昨日の世界の株式市場
NYダウ +27.57 NASDAQ -6.72 英 +9.45 仏 -10.90
独 ‐53.61 伊 +76.24 西 -31.10
強弱入り混じるニュースの中、株式市場も、斑模様で終了となっています。
~欧州~
昨日独連邦統計庁が発表した2012年のGDPの伸び率は市場予想の
前年比+0.8%をやや下回る+0.7%と発表され、こちらはネガティブな
要素。
一方では、11月のユーロ圏貿易収支は137億ユーロの黒字と100億ユーロ
の予想を上回るなどこちらはプラスの要素と、経済指標はまさに強弱入り混じるもので、マーケットをどちらか一方に動かす動機付けのエネルギーにはなりませんでした。
ただ、この11月の貿易収支ですが、11月はユーロ安が進んだ時ですから、これでユーロ圏経済の早期回復に道筋がついたとまでは行かないと思いますし、冷静に考えれば、どちらかと言えばマイナス要因だと個人としては思ったのですけど。それはユーロ・ドルがそうやすやすとユーロ安にはならないと思っているからです。
そのユーロ・ドル相場ですが、12月から急激にユーロ高に振れています。
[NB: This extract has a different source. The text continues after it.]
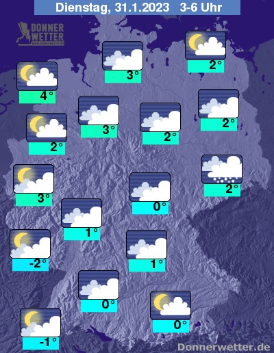 In der Nacht zum Dienstag ist es in den westlichen und nördlichen Landesteilen oft locker bis aufgelockert bewölkt und trocken. Im übrigen Land bleiben die Wolken meist dicht und über Bayern, vor allem aber über Sachsen fällt häufig Schnee oder Schneeregen. Im übrigen Bundesgebiet bleibt es weitgehend trocken. Die Temperatur sinkt auf 4 Grad an der Nordsee und bis -2 Grad am Pfälzer Wald. An den Küsten und auf den Bergen der Norddeutschen Mittelgebirge weht ein oft stürmischer Wind.

ユンケルユーログループ議長が最近のユーロ高について、
「ユーロ相場は恐ろしいほど高い」
と発言をして、昨日はユーロが売られています。しかし、現状は
これ以上の金融緩和に消極的なECBと緩和継続のアメリカと
より一層の緩和推進の日本。
また、昨日のスペインの短期の国債入札も順調に消化するなど、ユーロ安になる可能性は少ないのが現時点での事実。
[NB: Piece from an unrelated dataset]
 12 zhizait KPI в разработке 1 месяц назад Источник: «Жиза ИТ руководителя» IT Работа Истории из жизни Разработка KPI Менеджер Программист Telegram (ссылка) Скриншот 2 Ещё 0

ユーロ圏が抱える問題の深さやユーロ高の経済に対する影響を考えると、長い目(ロング・ターム)ではユーロ高の是正が入ってもおかしくないと思いますが、直近でユーロ高是正は無理だと考えています。
~米国~
1月のNY連銀製造業業況指数が予想のー1を大幅に下回る‐7.8もので、
内容も新規受注が‐3.4から‐7.2からマイナス幅を拡大。また出荷も
11月の11.9から‐3.1とマイナスとなっています。
前月に関しては「財政の崖」の心理的要素が加わったことで、大目に
みたのですが、1月に入っても改善しないのは気がかりです。
せめてもの救いはこれがNY連銀地区と狭い地区であったことでしょうか。
昨日は12月の小売売上高も発表され、前月比+0.5%と上振れ、自動車を
除いた売上高も+0.3%とこちらも上振れしています。
小売売上の堅調さを受けて昨日は、一般消費財、生活必需品、
エネルギー、資本財関連が上昇です。
債務上限問題が解決しなければ、アメリカ国債のレーティングを
最上級から格下げすると格付け会社のフィッチが昨日発表
しましたが、すでに他の格付け会社が格下げをしているので、
今更格下げをしたからと言って、そのインパクトは限定的ですから
これは無視してもいいかと思います。